<<
>>

Шистосомозы

(schistosomiasis, bilharzia, blood flukes, Katayama fever)

После малярии, шистосомоз является вторым по распространению тропическим заболеванием. В папирусах Древнего Египта было найдено описание болезни с наличием червей в организме, поражением мочеполовой системы, кишечника, примесью крови в моче, поносом.

Палеонтолог Ruffer (1910) в срезах почек египетских мумий (XII до н.э.) при микроскопии обнаружил яйца S. haematobium. Самого возбудителя впервые выявил в мезентериальных венах трупа человека Bilharz в 1851 г. в Каире, назвав его Distoma haematobium. Weinland в 1858г. назвал паразита Schistosoma. Manson в1898г. предложил различать две формы шистосомоза: кишечный и мочеполовой. Он же в 1902 г. обнаружил яйца гельминта с боковым шипом, но название S. mansoni для паразита, выделяющего подобные яйца, ввел Sambon в1907г. Возбудитель японского шистосомоза был описан Katsurada в 1904 г.

Ареал различных форм шистосомоза (другое название бильгарциоз в честь Theodore Bilharz, который впервые идентифицировал Schistosoma hema- tobium(1850) охватывает 74 страны и территории тропического и субтропического пояса, в которых, по данным ВОЗ, число больных достигает 500-600 млн. человек.

В странах Африки имеются как изолированные очаги мочеполового, кишечного шистосомоза, так и сочетанное их распространение. В ряде стран центра Западной и Северной Африки (Габон, Заир, Камерун, Чад, Судан, Эфиопия) имеются очаги, где регистрируются одновременно мочеполовой, кишечный и интеркаларный шистосомоз. Изолированные очаги мочеполового шистосомоза имеются в странах Ближнего и Среднего Востока, а сочетание мочеполового и кишечного шистосомоза - в Йемене, Саудовской Аравии. Ареал японского шистосомоза охватывает Китай, Малайзию, Филиппины, Индонезию, Японию, меконгового - Кампучию, Лаос, Таиланд.

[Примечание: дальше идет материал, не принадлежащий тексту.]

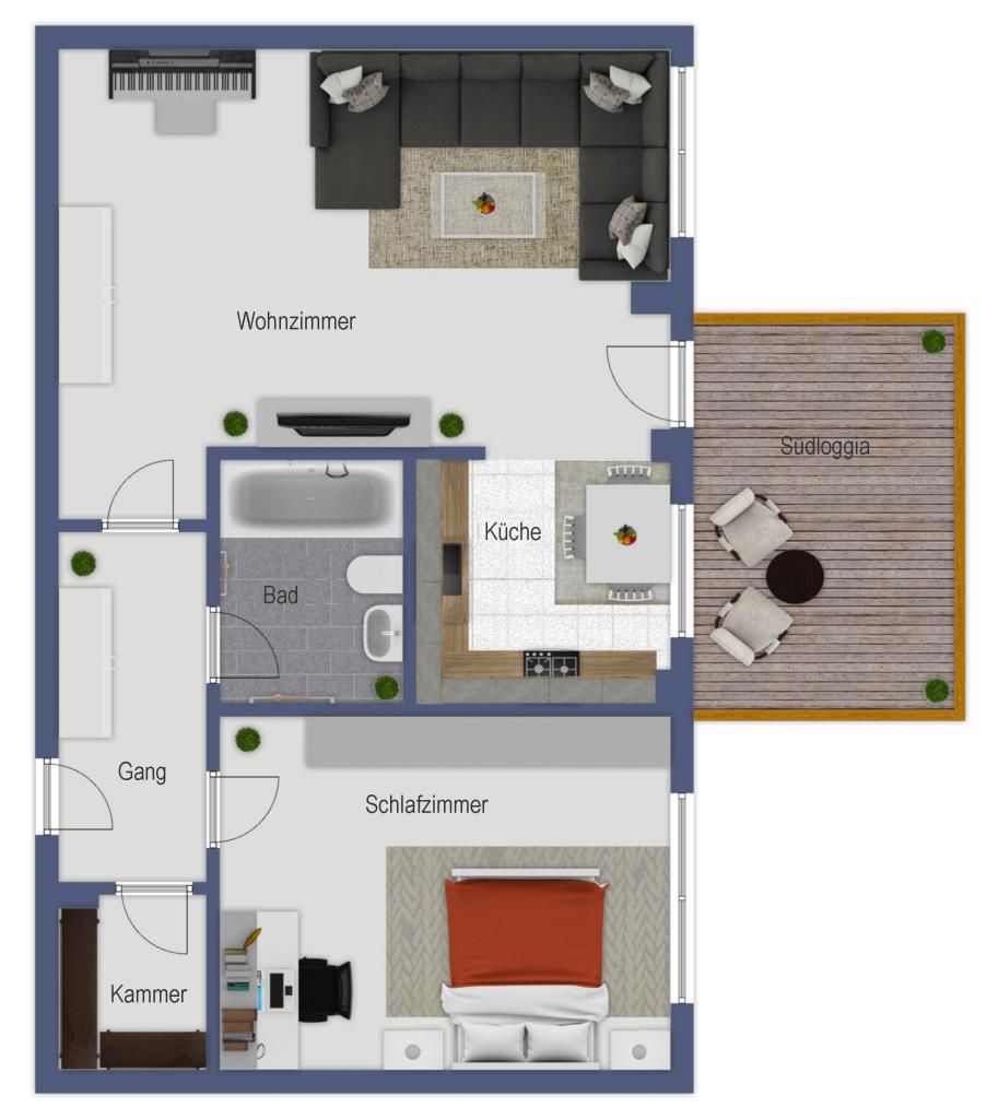 Der großzügige Wohn-Ess-Bereich mit direktem Zugang zur Südloggia bildet das Herzstück der Wohnung und lädt zum Entspannen und Wohlfühlen ein. Darüber hinaus bietet die Wohnung einen Eingangsbereich mit einer praktischen kleinen Abstellkammer, ein Badezimmer mit Badewanne und ein geräumiges Schlafzimmer.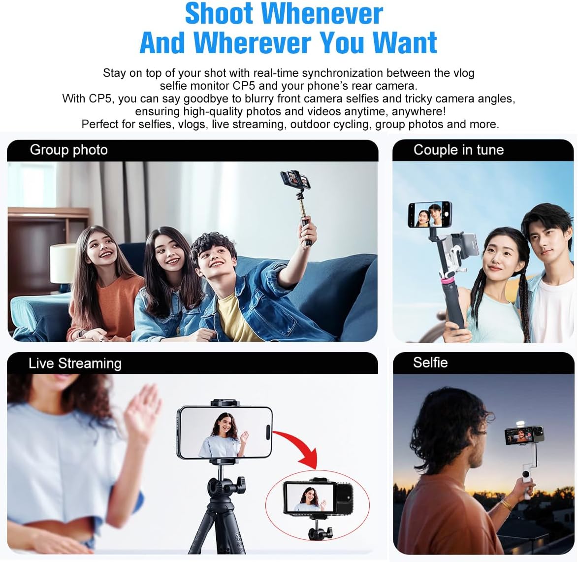 【Updated with Tiffany BlueR Magnetic Silicone Case】Stay on top of your shot with real-time synchronization between the vlog selfie monitor CP5 and your phone’s rear camera.With Shimbol CP5, you can say goodbye to blurry front camera selfies and tricky camera angles, ensuring high-quality photos and videos anytime, anywhere!Perfect for selfies, vlogs, live streaming, outdoor cycling, group photos and more.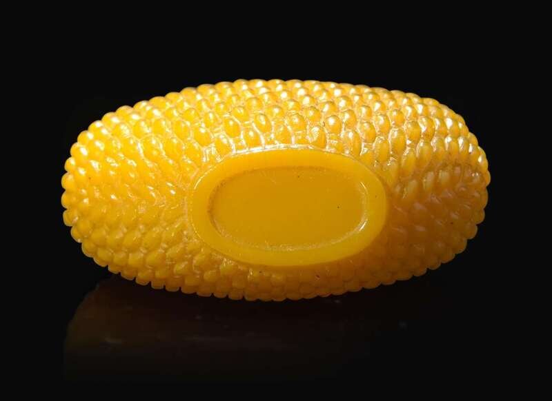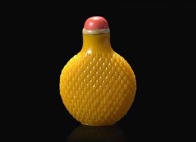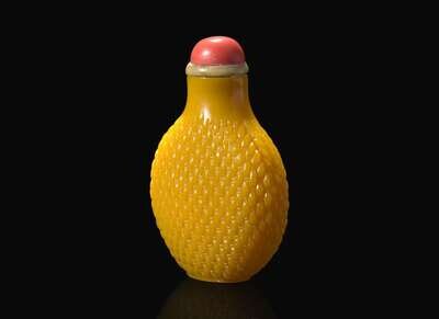 A Chinese yellow glass "basket weave" snuff bottle, Qing dynasty 柳斗紋黃琉璃鼻煙壺 清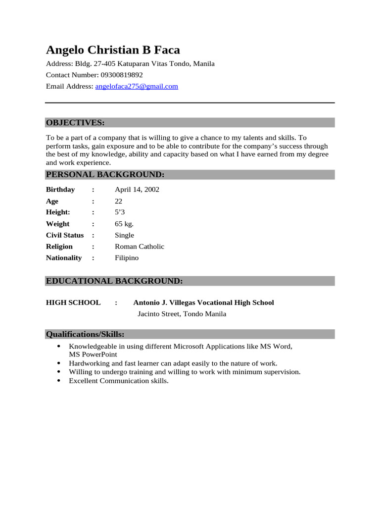 and work experience.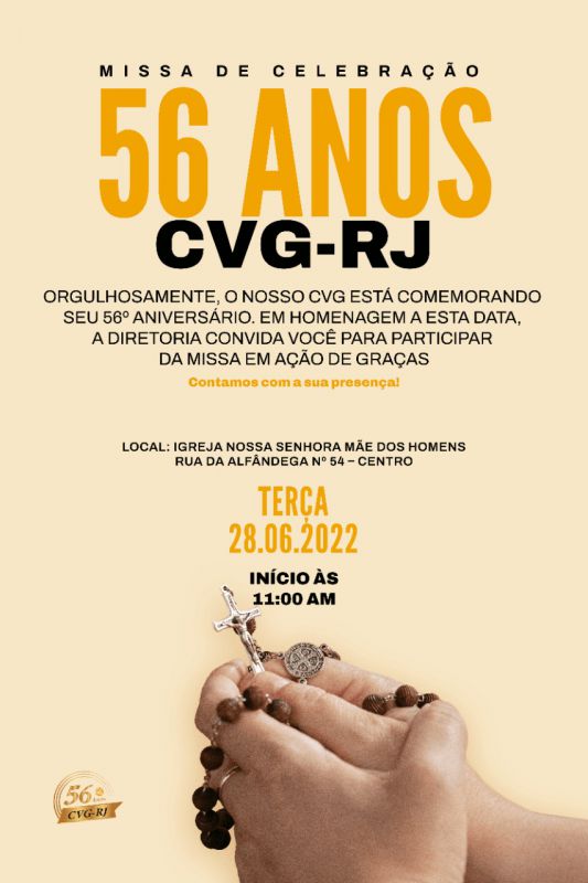 A diretoria do CVG-RJ convida os seus associados, conselheiros, entidades parceiras, profissionais do mercado e amigos para a missa em ação de graças pelos 56 anos de fundação do CVG-RJ, que será celebrada no dia 28 de junho, às 11 horas, na Igreja Nossa Senhora Mãe dos Homens, na Rua da Alfândega, número 54, Centro do Rio de Janeiro.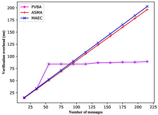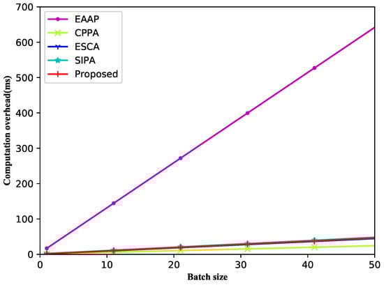 The comparison of computation overheads is given in Table 1, and Figure 2 shows the computation overheads for different batch sizes. According to Figure 2, the ASMA scheme has lower computation overheads than the EAAP [9], ESCA [21] and SIPA [22] schemes, and a slightly higher overhead than the CPPA [1] scheme. In addition, since the generation of the pseudo-identity and partial key in CPPA [1] is completed by the TA, while the pseudo-identity and secret key in the ASMA scheme are pre-generated offline, the total system overhead of CPPA [1] is higher than that of the ASMA scheme, as shown in Table 1.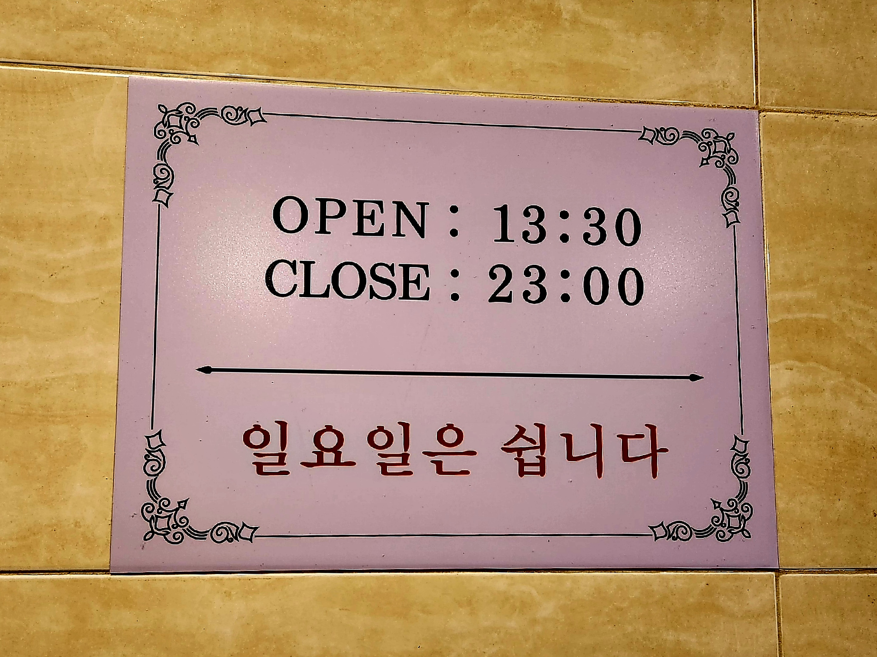 오후 1시 30분 ~ 저녁 11시(일요일 휴무)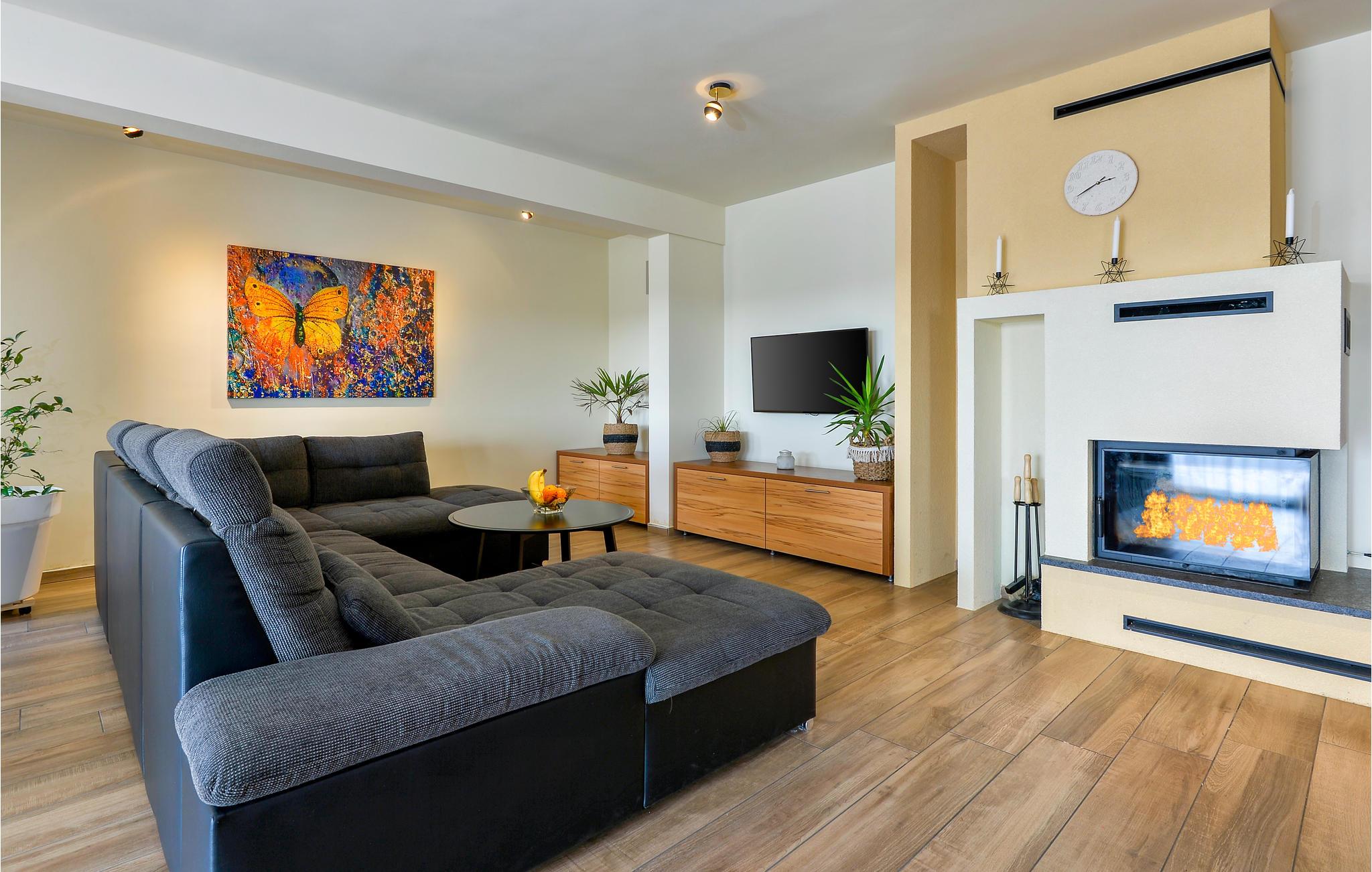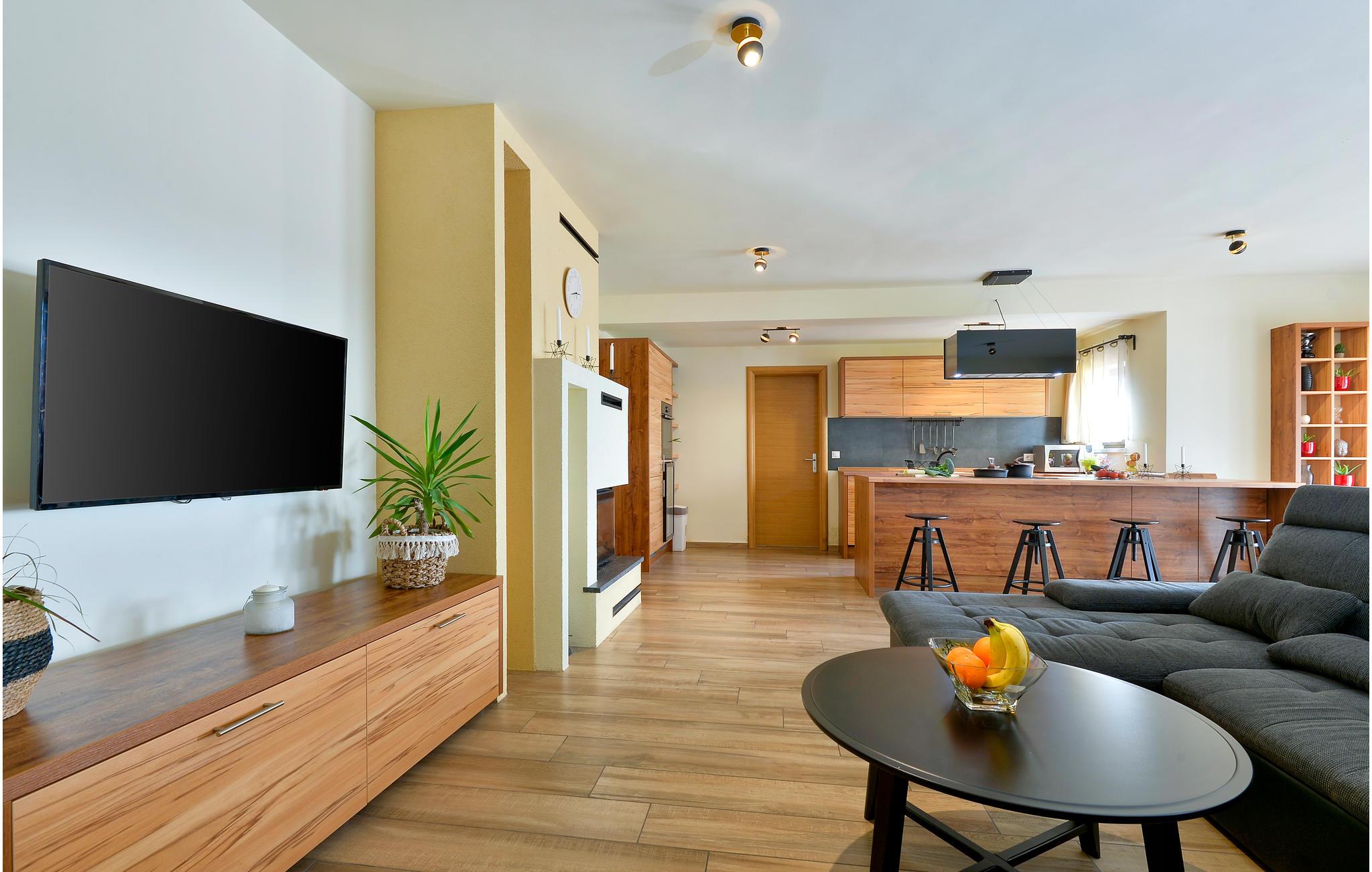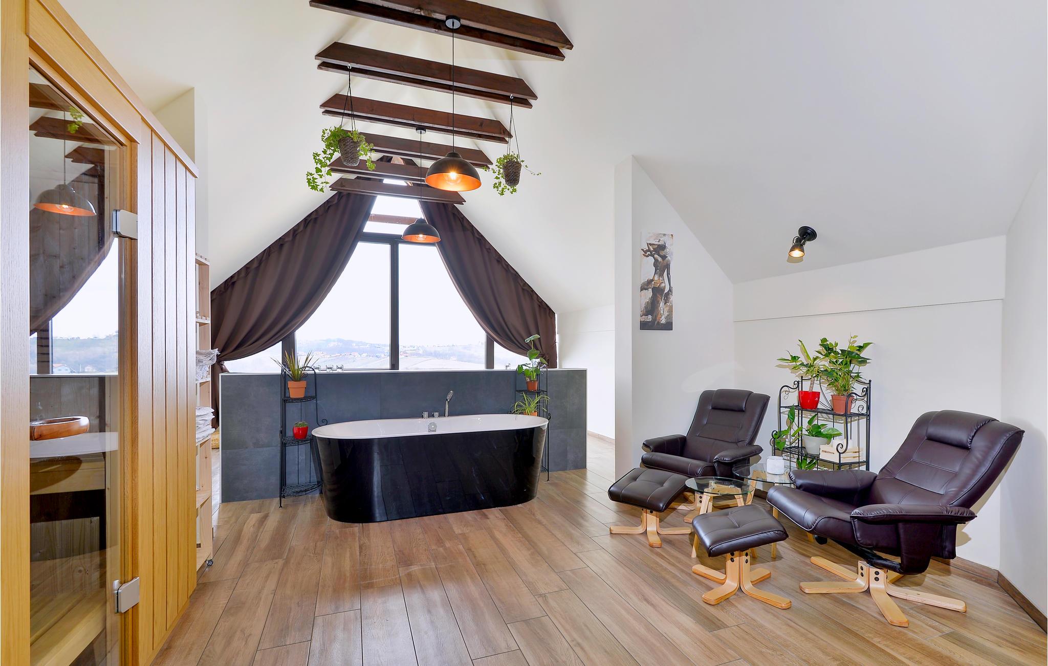 I nærheden af Sveri Martin na Muri's termalbade ligger dette feriehus. Det er smagfuldt indrettet og indeholder alt til en dejlig ferie. Huset er i 2 etager: Stueplan med åbent køkken, opholdsstue og spiseplads samt et toilet. Førstesalen har 2 soveværelser samt et badeværelse. I det ene soveværelse findes en sauna og et hydromassage badekar, der byder på afslapning for både krop og sjæl. Nyd at lave mad og spise udendørs ved sommerkøkkenet. Foran huset ligger den opvarmede swimmingpool med tilhørende solterrasse og liggestole.

В странах Центральной и Южной

Америки и на островах Карибского бассейна (за исключением Кубы) распространен кишечный шистосомоз (S.

mansoni).

Люди, приезжающие в тропики из стран умеренного пояса, нередко заболевают шистосомозами.

Э т и о л о г и я.

В организме человека паразитируют четыре вида шистосом: S. haematobium, S. mansoni, S. japonicum и редко S. intercalatum. Возбудителями шистосо- мозов являются раздельнополые гельминты, самцы которых имеют длину 1026 мм; самки немного длиннее и тоньше. Тело половозрелых шистосом удлиненное, цилиндрическое, одето кутикулой. Имеются расположенные близко друг к другу присоски - ротовая и брюшная. Позади брюшной присоски кутикула у самца имеет боковые выросты, завертывающиеся на брюшную сторону, в результате чего образуется продольное щелевидное пространство - гинеко- форный канал (canalis gynaecophoris), где удерживается самка. Наружная поверхность самца покрыта шипиками или бугорками, у самки шипы имеются только на переднем конце тела, остальная поверхность гладкая. Шистосомы, обитая в мельчайших венозных сосудах окончательного хозяина - человека и некоторых животных, питаются кровью через пищеварительную трубку, частично адсорбируя жидкую часть через кутикулу. Наиболее развитыми являются органы размножения, однако по сравнению с другими гельминтами шистосомы откладывают относительно немного яиц. В матке S. haematobium находится одновременно не более 20-30 яиц (в эксперименте на животных - до 300 и более). Наибольшей продуктивной способностью обладает S. japonicum: каждая женская особь за сутки откладывает от 1 500 до 3 000 яиц.

Яйца шистосом, отложенные в сосудах, - незрелые, их созревание происходит в тканях организма хозяина в течение 5-12 дней. Во внешнюю среду яйца попадают с мочой (S. haematobium) и калом (S. mansoni и др.). В яйце сформировывается зародыш - мирацидий, окончательное созревание которого происходит при пoпaдaнии яиц в пресную вoдy. После выхода из яйца мирацидий в воде принимает удлиненную форму, а его движение осуществляется за счет имеющихся на поверхности ресничек. Как и у других трематод, цикл развития шистосом связан со сменой хозяина.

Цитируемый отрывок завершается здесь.